The Pride of Table Mountain’s name, however, is less local. Swedish botanist, Peter Jonas Bergius bestowed the flower with its name in 1767 and was inspired by Swedish mythology.

Disa is the heroine of a legendary Swedish saga documented in 1555 by Olaus Magnus. According to legend, Disa was incredibly wise and she used her wit to thwart a democide.

As the story goes, the god-king Freyr ruled Sweden and there was a famine. Freyr’s rule was a peaceful time and the population grew steadily until the country could no longer support that many people.

Queen Disa as imagined by Johan Sylvius in the 1680s

Freyr and his chieftains decided that the only solution to overpopulation was to cull all the elderly, sickly and handicapped people in the kingdom – they would be sacrificed to Odin.

Disa was highborn – the daughter of the chieftain Sigsten of Venngarn in Uppland – and disagreed with this decision. She mocked the king and chieftains, saying that she had wiser words of advice.

Upon hearing this, Freyr decided to test her wits. He asked Disa to visit him but there was a catch. She could not complete the journey by foot, by horse, in a wagon nor in a boat. She also could not visit him either dressed or undressed and the time was not supposed to be within a year nor within a month and neither during daytime or nighttime; and neither when the moon was waxing nor waning.

Somehow, Disa passed the test. She harnessed two young men to a sled and she had a billygoat by the sled with one leg over the goat and the other in the sled, she made the journey.

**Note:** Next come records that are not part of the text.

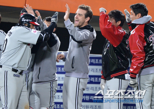 10일 부산 사직구장에서 프로야구 롯데와 LG의 주중 3연전 마지막 경기가 열렸다. LG 조쉬벨이 9회 동점 솔로홈런을 날렸다. 덕아웃에서 동료들과 하이파이브를 나누고 있는 조쉬벨. 부산=송정헌 기자 songs@sportschosun.com/2014.04.10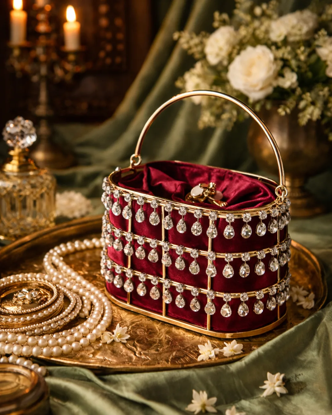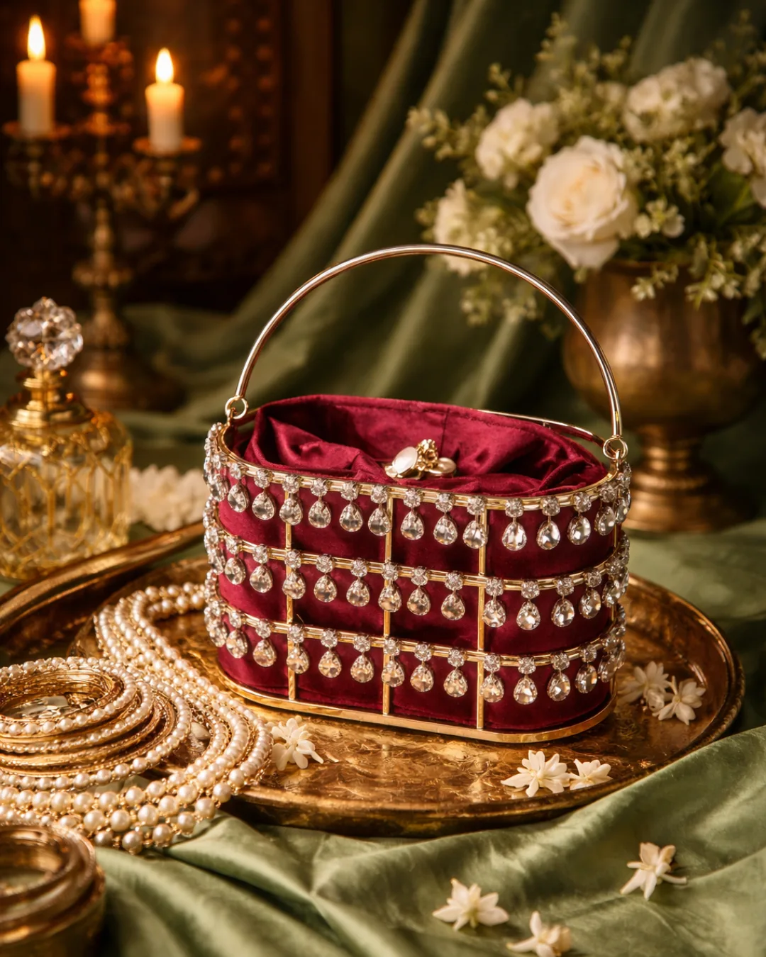 ✦The soft satin pouch within holds your treasures close, while the structured metallic handle adds a touch of modern grace.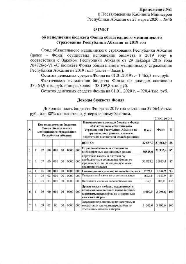 Постановление Кабинета Министров Республики Абхазия от 27.03.2020 №46 "Об исполнении бюджета Фонда обязательного медицинского страхования Республики Абхазия за 2019 год"

For clothing, she wore a net and to beat the time constraints imposed by the king she arrived during full moon at dusk on the third day after Yule. All the months had 30 days and the last month was coming to an end, as well as the year.

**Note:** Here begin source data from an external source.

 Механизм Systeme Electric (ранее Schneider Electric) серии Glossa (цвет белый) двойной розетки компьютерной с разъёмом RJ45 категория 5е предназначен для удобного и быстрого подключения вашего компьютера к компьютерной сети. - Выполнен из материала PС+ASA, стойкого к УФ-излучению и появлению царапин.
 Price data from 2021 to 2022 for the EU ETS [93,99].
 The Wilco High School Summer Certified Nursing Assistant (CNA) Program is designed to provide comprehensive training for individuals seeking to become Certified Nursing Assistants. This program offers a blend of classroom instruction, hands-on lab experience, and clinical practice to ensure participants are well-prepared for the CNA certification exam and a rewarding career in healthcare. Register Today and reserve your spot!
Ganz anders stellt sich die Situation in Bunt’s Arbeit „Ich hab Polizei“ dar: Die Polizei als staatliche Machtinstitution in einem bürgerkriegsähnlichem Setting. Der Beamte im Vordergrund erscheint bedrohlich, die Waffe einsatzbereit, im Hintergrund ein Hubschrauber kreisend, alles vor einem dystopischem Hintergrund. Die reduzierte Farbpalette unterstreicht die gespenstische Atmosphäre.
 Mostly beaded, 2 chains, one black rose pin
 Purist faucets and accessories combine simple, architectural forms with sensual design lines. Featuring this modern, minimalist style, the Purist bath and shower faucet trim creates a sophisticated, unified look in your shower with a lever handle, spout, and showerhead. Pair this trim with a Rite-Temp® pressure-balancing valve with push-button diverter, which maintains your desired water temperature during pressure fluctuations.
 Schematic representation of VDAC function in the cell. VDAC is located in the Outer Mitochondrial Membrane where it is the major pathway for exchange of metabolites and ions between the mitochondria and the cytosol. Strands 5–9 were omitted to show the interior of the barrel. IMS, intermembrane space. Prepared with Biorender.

Having passed the King’s test, the planned culling was cancelled and the new queen Disa declared that a part of the population was to leave Sweden. This would be determined by a drawing of lots.


1844 plate by Walter Hood Fitch from Curtis’s Botanical Magazine

The botanist, Carl Peter Thunberg, derived the name of the Disa genus of orchids from this legend. The dorsal sepal of some of the Disa orchids is reminiscent of the fishnet that Disa appeared before King Freyhr in.

The famous red flower grows near waterfalls, streams and seeps in the mountains. They bloom during the summer months from December to March, according to the South African National Biodiversity Institute (SANBI). Their peak flowering period is in mid-February.